As some of you may have guessed: I cheated by using a special format string . That code may not run on your machine because I have hardcoded two addresses.

The following version is a little bit more user friendly (easier to change), but you are still going to need to change 2 values: FUNCTION_ADDR and DESTADDR which I will explain later:

#include <stdio.h>
#include <stdlib.h>
#include <stdint.h>

#define FUNCTION_ADDR ((uint64_t)0x4005c8 + 12)
#define DESTADDR 0x00000000006007D8
#define a (FUNCTION_ADDR & 0xffff)
#define b ((FUNCTION_ADDR >> 16) & 0xffff)

int main(int argc, char *argv[])
{
	printf("%*c%hn%*c%hn"
		"\xeb\x3d\x48\x54\x54\x50\x2f\x31\x2e\x30\x20\x32"
		"\x30\x30\x0d\x0a\x43\x6f\x6e\x74\x65\x6e\x74\x2d"
		"\x74\x79\x70\x65\x3a\x74\x65\x78\x74\x2f\x68\x74"
		"\x6d\x6c\x0d\x0a\x0d\x0a\x3c\x68\x31\x3e\x48\x65"
		"\x6c\x6c\x6f\x20\x57\x6f\x72\x6c\x64\x21\x3c\x2f"
		"\x68\x31\x3e\x4c\x8d\x2d\xbc\xff\xff\xff\x48\x89"
		"\xe3\x48\x83\xeb\x10\x48\x31\xc0\x50\x66\xb8\x1f"
		"\x90\xc1\xe0\x10\xb0\x02\x50\x31\xd2\x31\xf6\xff"
		"\xc6\x89\xf7\xff\xc7\x31\xc0\xb0\x29\x0f\x05\x49"
		"\x89\xc2\x31\xd2\xb2\x10\x48\x89\xde\x89\xc7\x31"
		"\xc0\xb0\x31\x0f\x05\x31\xc0\xb0\x05\x89\xc6\x4c"
		"\x89\xd0\x89\xc7\x31\xc0\xb0\x32\x0f\x05\x31\xd2"
		"\x31\xf6\x4c\x89\xd0\x89\xc7\x31\xc0\xb0\x2b\x0f"
		"\x05\x49\x89\xc4\x48\x31\xd2\xb2\x3d\x4c\x89\xee"
		"\x4c\x89\xe7\x31\xc0\xff\xc0\x0f\x05\x31\xf6\xff"
		"\xc6\xff\xc6\x4c\x89\xe7\x31\xc0\xb0\x30\x0f\x05"
		"\x4c\x89\xe7\x31\xc0\xb0\x03\x0f\x05\xeb\xc3"
	, b, 0, DESTADDR + 2, a-b, 0, DESTADDR );
}

I will explain how the code works through a series of short C codes.
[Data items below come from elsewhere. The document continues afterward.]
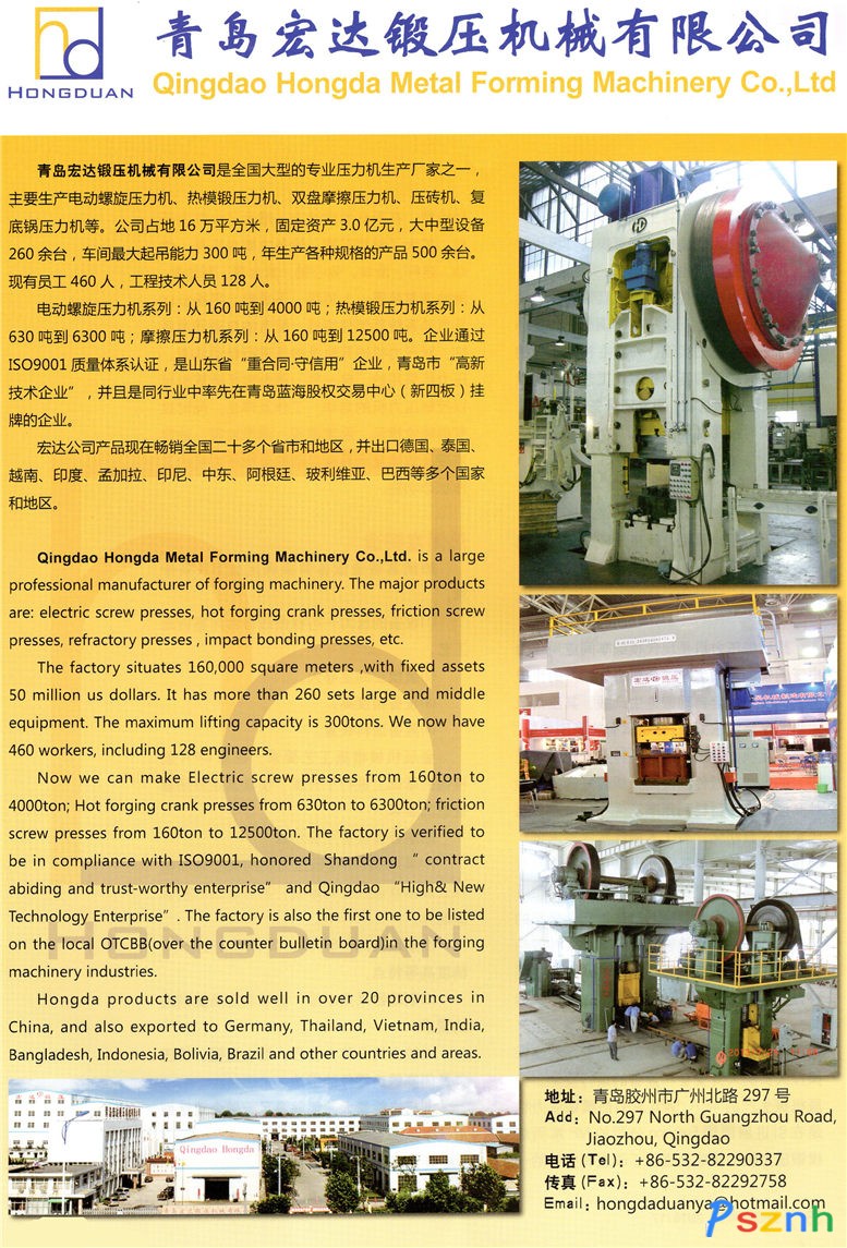 青島宏達(dá)鍛壓機(jī)械有限公司 摩擦壓力機(jī) 電動(dòng)螺旋壓力機(jī) 熱模鍛壓力機(jī)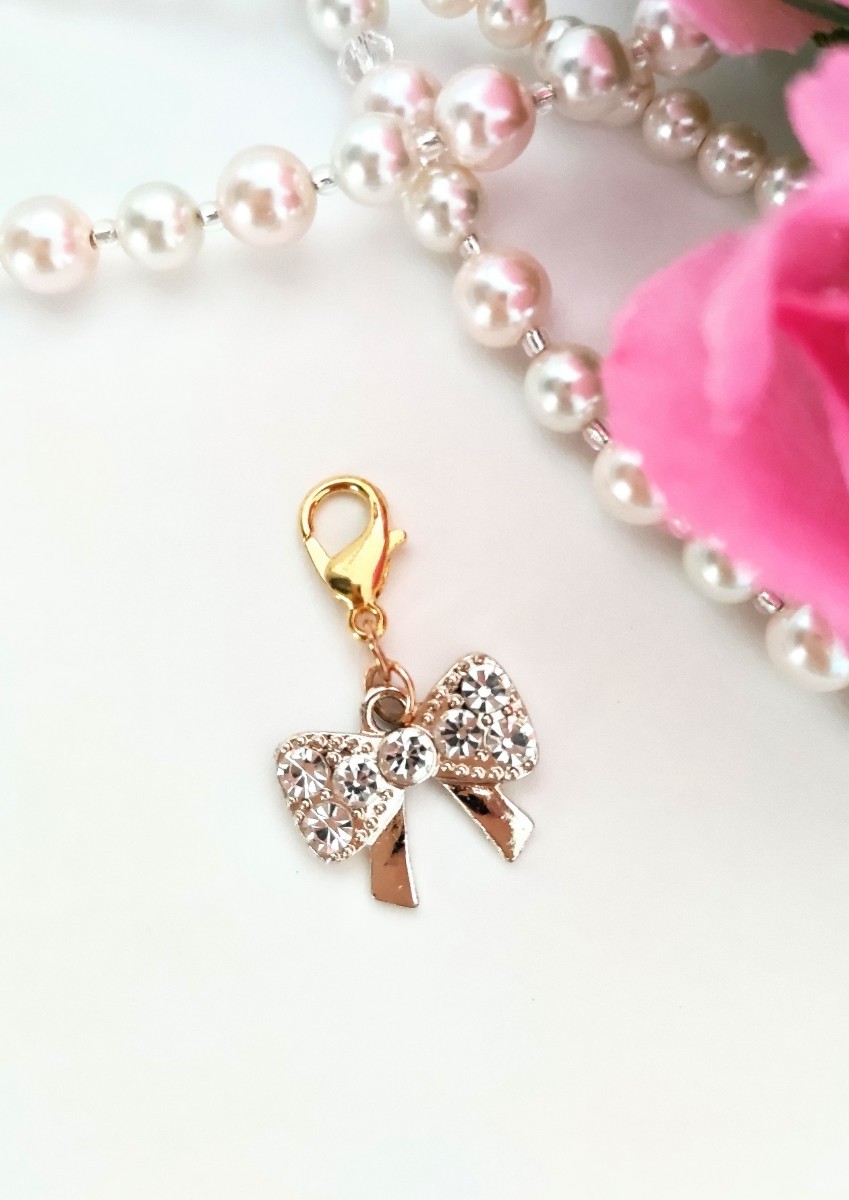 ハンドメイド マスクチャーム ファスナーチャーム りぼん ラインストーン 揺れる 可愛い 收藏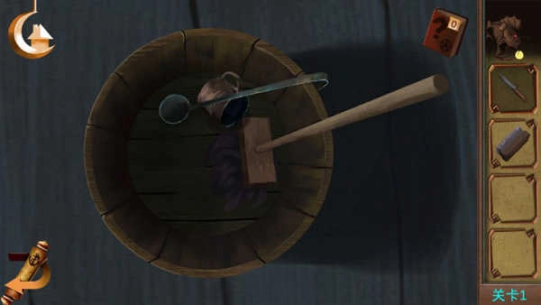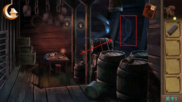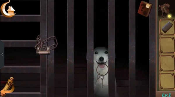 先找到那个骷髅形状的物品,点击后会获得一把小刀;接着去点那个装水的桶,能拿到一个刷子;用小刀把柱子上绑着的绳子割断;然后点击窗户的位置,会找到一根骨头;拿刷子去清理右边墙上纸张上的脏东西,就能看到提示信息;之后点桌子上的盒子,依次输入罗马数字对应的符号,打开盒子得到一个哨子;吹响哨子叫醒狗,再用骨头把狗引过来,就能拿到钥匙,最后用钥匙开门就能出去了。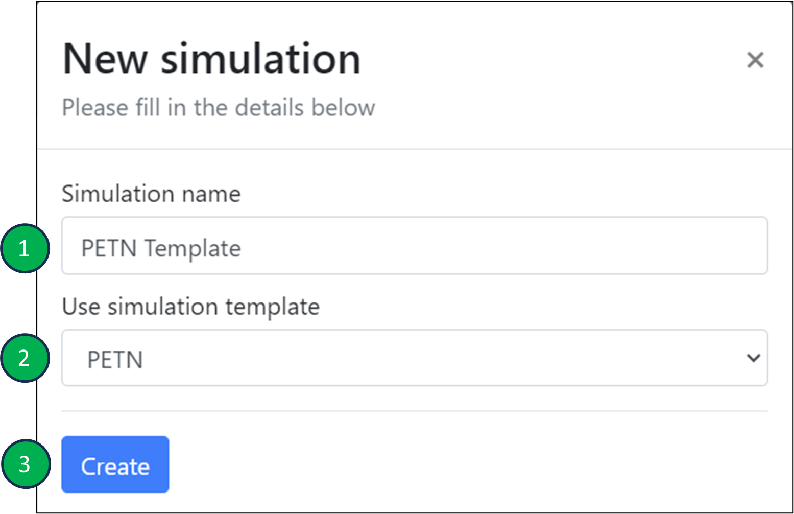 - In the ‘Simulation name’ field, enter the name that you would like to use for the simulation (e.g. ‘PETN Template’).

The first one is a code that will explain how that we can start another code without function call. See this simple code:

#include <stdlib.h>
#include <stdio.h>

#define ADDR 0x00000000600720

void hello()
{
        printf("hello world\n");
}

int main(int argc, char *argv[])
{
        (*((unsigned long int*)ADDR))= (unsigned long int)hello;
}

You can compile it, but it many not run on your system. You need to do these steps:

1. Compile the code:

gcc run-finalizer.c -o run-finalizer

2. Examine the address of fini_array

objdump -h -j .fini_array run-finalizer

And find the VMA of it:

run-finalizer:     file format elf64-x86-64
Sections:
Idx Name          Size      VMA               LMA               File off  Algn
 18 .fini_array   00000008  0000000000600720  0000000000600720  00000720  2**3
                  CONTENTS, ALLOC, LOAD, DATA

Note that you need a recent GCC to do this, older version of gcc uses different mechanism of storing finalizers.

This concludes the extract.